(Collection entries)

*** Block opens ***

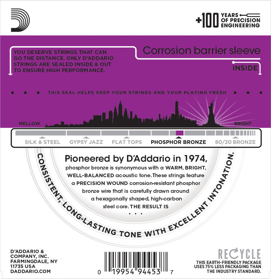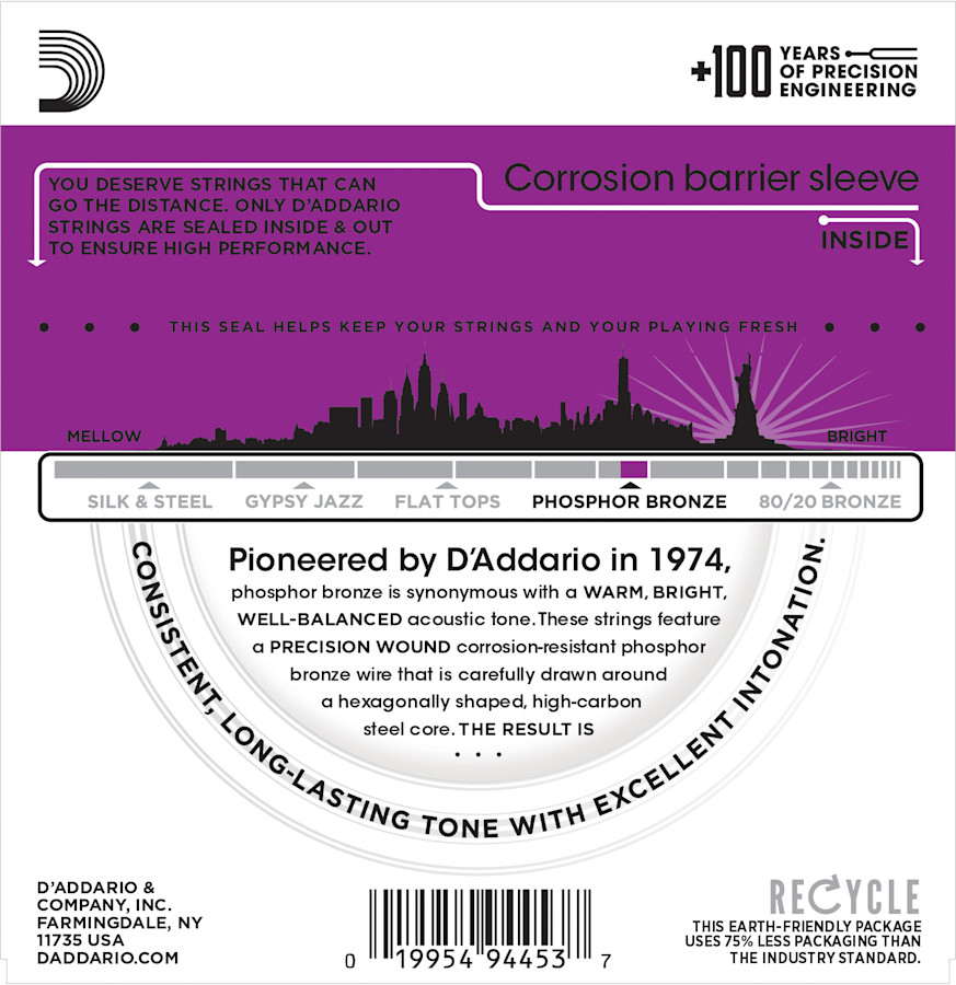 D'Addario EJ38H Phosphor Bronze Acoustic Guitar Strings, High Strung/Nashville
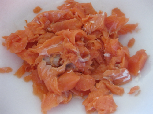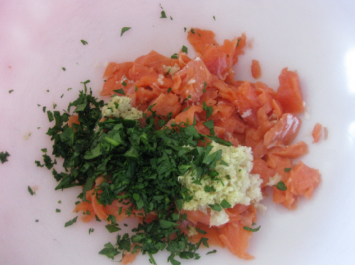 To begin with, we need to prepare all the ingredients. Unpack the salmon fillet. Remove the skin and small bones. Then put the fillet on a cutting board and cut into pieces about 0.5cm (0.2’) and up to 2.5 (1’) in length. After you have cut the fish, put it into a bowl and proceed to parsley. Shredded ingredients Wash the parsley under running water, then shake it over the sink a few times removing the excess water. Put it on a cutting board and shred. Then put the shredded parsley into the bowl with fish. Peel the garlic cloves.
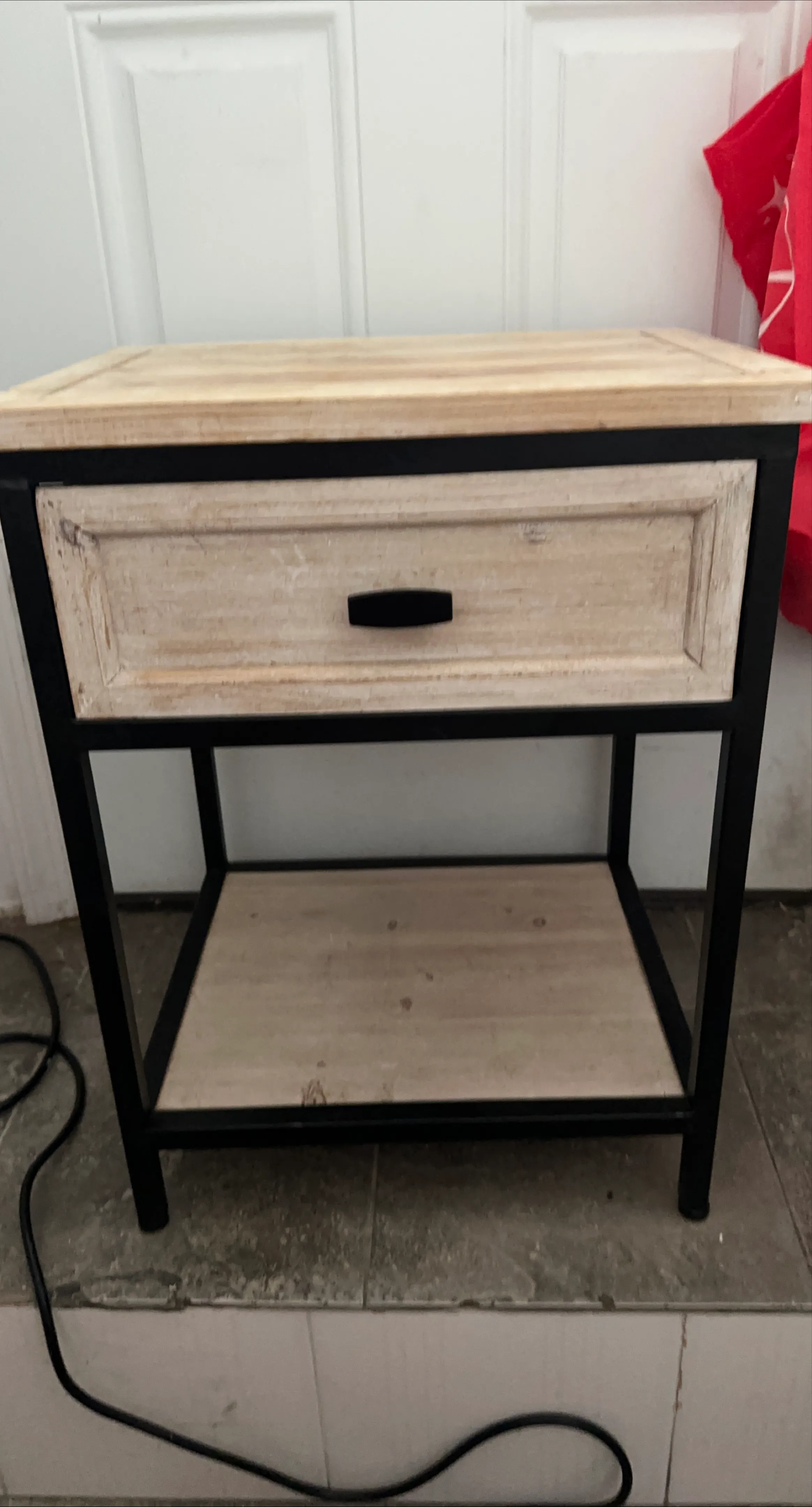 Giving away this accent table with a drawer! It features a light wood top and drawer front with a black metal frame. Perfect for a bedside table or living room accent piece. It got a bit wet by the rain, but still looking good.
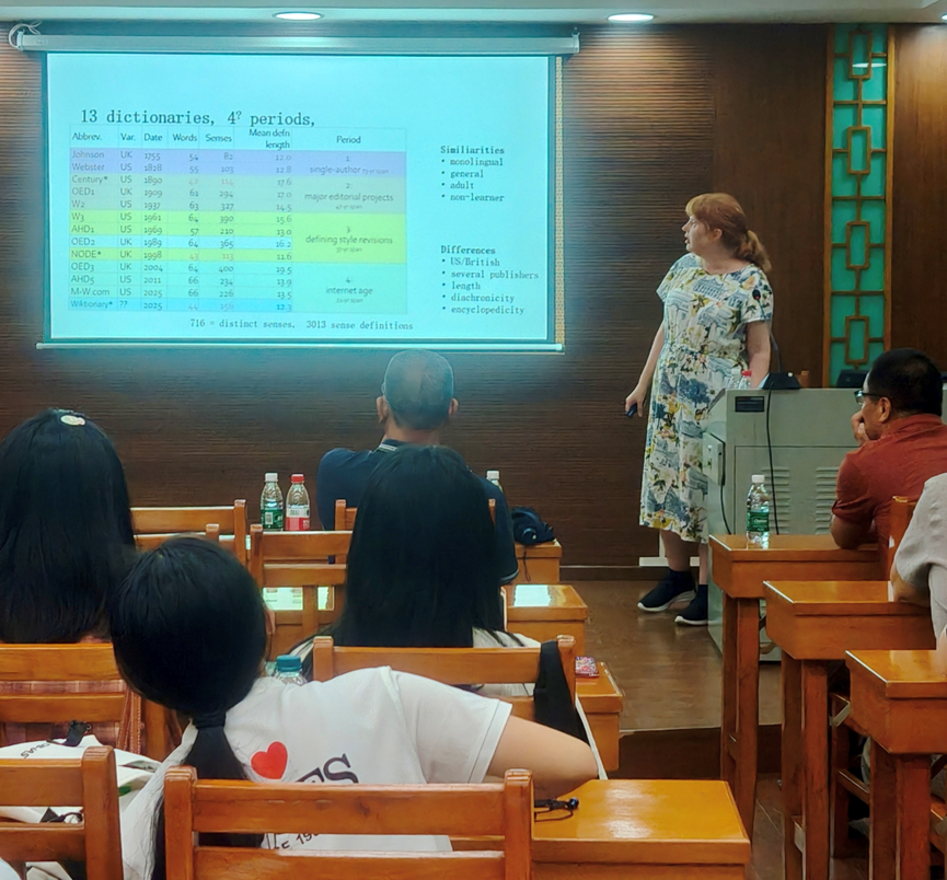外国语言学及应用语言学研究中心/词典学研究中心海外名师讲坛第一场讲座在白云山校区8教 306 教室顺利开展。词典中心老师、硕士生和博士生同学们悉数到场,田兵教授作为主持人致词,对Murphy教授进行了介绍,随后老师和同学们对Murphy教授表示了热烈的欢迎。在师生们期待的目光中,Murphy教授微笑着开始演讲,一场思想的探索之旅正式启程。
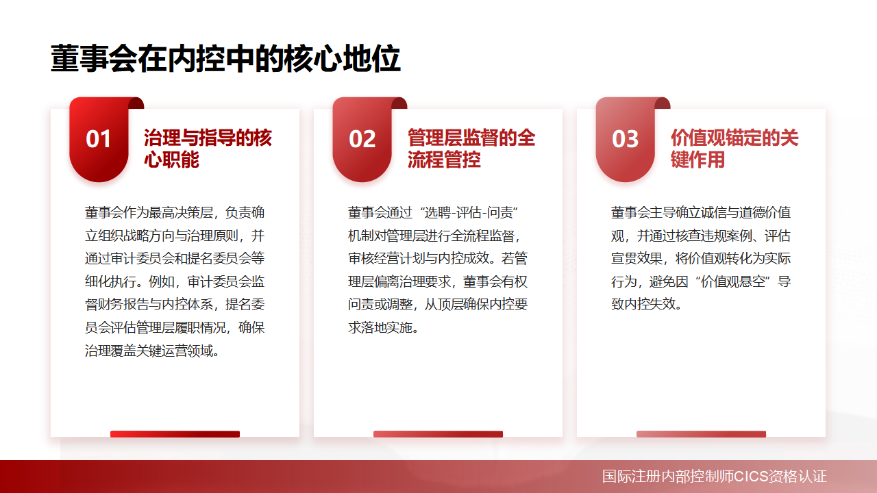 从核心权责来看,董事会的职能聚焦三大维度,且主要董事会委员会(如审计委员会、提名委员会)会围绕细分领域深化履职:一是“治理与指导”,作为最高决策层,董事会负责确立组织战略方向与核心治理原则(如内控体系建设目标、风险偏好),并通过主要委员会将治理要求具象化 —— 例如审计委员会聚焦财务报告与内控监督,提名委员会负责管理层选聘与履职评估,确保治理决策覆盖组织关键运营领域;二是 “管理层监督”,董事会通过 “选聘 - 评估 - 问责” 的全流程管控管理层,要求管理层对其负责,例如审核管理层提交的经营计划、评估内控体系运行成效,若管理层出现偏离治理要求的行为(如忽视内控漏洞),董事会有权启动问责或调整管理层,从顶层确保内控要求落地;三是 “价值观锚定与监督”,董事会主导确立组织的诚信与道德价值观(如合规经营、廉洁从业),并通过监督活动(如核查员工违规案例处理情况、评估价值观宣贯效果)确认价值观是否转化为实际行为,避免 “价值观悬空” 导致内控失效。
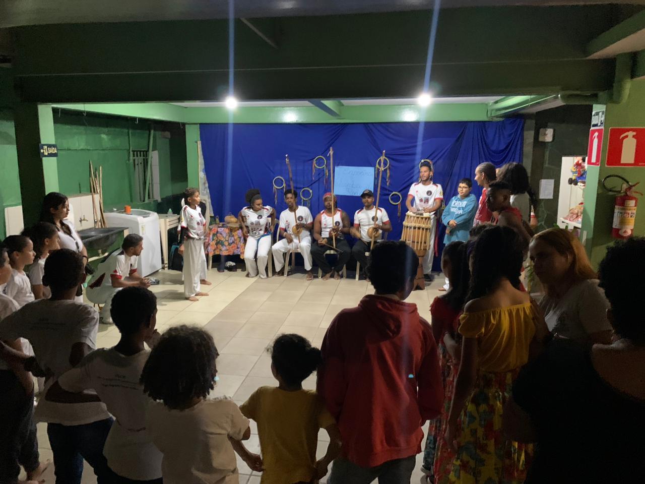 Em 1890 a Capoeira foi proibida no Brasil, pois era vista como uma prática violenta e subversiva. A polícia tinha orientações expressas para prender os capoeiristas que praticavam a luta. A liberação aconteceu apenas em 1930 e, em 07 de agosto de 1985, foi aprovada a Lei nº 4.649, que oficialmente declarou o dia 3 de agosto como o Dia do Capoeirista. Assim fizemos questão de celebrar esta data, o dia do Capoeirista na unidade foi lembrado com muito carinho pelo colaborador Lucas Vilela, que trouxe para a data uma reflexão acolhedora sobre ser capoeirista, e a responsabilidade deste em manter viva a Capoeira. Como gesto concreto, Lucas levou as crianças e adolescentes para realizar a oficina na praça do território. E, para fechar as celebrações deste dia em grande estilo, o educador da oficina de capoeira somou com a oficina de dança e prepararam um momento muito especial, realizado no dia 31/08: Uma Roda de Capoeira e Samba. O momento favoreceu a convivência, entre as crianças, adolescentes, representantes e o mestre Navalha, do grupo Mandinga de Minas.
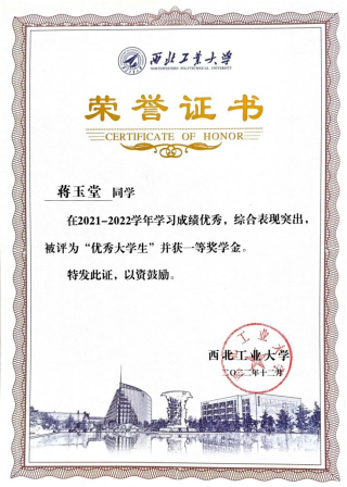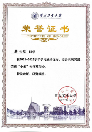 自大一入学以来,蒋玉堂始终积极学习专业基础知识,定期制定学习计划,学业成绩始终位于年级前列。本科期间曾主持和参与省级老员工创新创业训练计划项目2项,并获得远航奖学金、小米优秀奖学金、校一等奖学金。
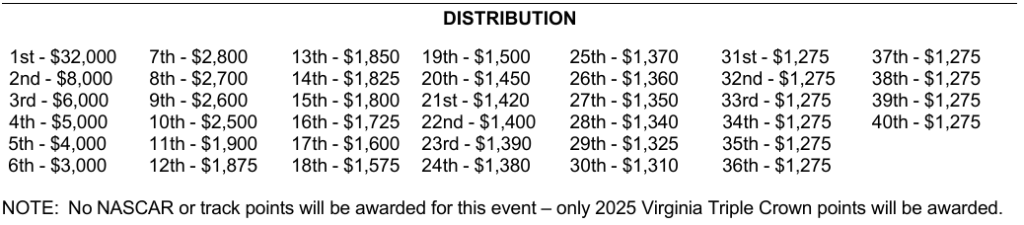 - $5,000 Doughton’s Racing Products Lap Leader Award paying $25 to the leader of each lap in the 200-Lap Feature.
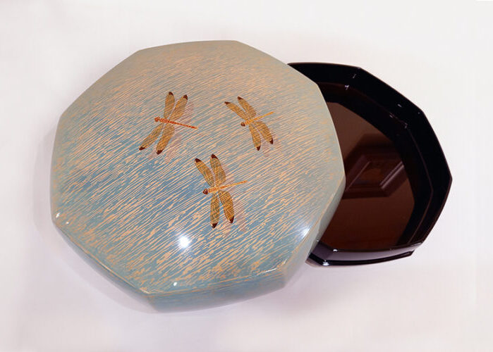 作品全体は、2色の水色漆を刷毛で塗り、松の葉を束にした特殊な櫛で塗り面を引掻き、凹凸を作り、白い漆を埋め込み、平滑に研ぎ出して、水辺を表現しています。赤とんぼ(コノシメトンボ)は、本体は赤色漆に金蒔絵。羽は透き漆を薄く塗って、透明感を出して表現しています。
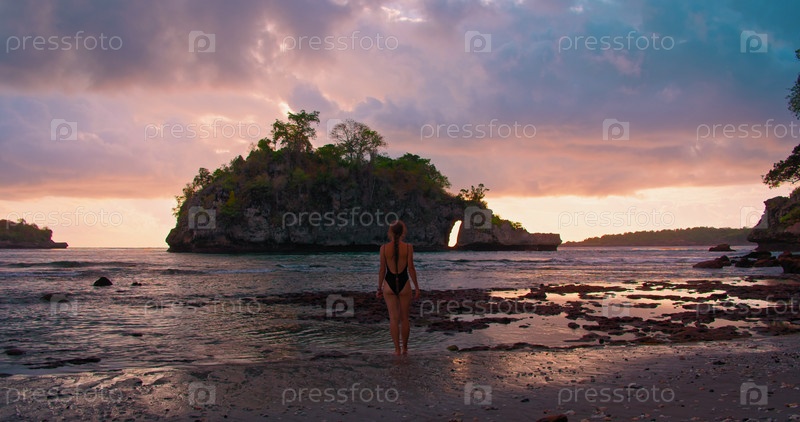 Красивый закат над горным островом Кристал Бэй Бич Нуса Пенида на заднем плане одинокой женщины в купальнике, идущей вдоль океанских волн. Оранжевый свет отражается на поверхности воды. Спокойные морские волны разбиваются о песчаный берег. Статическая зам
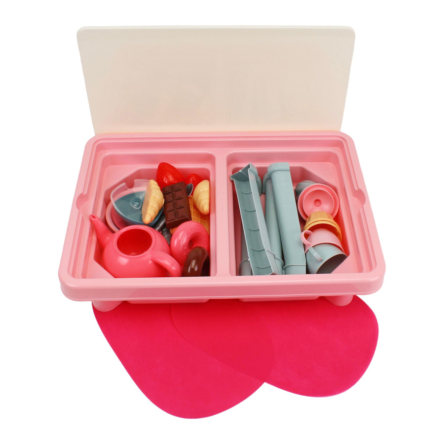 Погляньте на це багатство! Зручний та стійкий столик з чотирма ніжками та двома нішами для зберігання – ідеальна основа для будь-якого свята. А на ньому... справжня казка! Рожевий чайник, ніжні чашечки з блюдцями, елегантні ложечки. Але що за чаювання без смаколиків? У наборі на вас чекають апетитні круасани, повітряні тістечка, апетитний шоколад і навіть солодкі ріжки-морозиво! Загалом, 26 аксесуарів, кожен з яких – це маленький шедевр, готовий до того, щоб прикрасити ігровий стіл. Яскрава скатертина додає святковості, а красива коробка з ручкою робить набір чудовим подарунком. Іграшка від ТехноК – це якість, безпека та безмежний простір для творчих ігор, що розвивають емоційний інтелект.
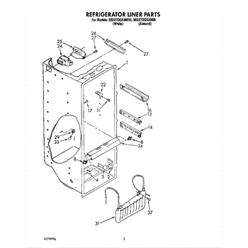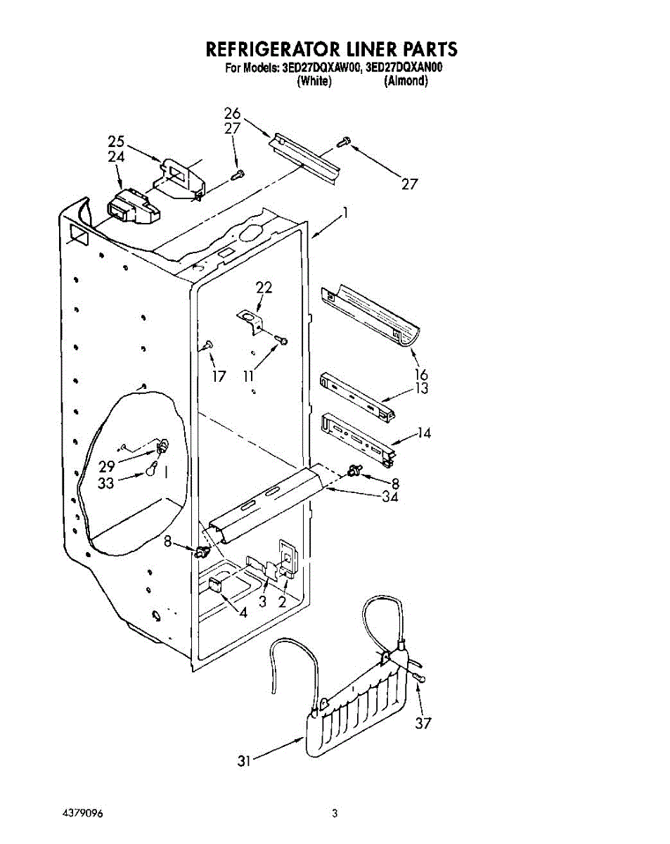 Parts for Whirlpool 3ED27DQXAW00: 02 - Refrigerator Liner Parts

*** Block closes ***

WORK ORDER: Above are some entries. Restate word for word the lines from the one holding "作品全体は、2色の水色漆を刷" through the one holding "Красивый закат над", but not the pictures.

WRITTEN REPLY:
 作品全体は、2色の水色漆を刷毛で塗り、松の葉を束にした特殊な櫛で塗り面を引掻き、凹凸を作り、白い漆を埋め込み、平滑に研ぎ出して、水辺を表現しています。赤とんぼ(コノシメトンボ)は、本体は赤色漆に金蒔絵。羽は透き漆を薄く塗って、透明感を出して表現しています。
 Красивый закат над горным островом Кристал Бэй Бич Нуса Пенида на заднем плане одинокой женщины в купальнике, идущей вдоль океанских волн. Оранжевый свет отражается на поверхности воды. Спокойные морские волны разбиваются о песчаный берег. Статическая зам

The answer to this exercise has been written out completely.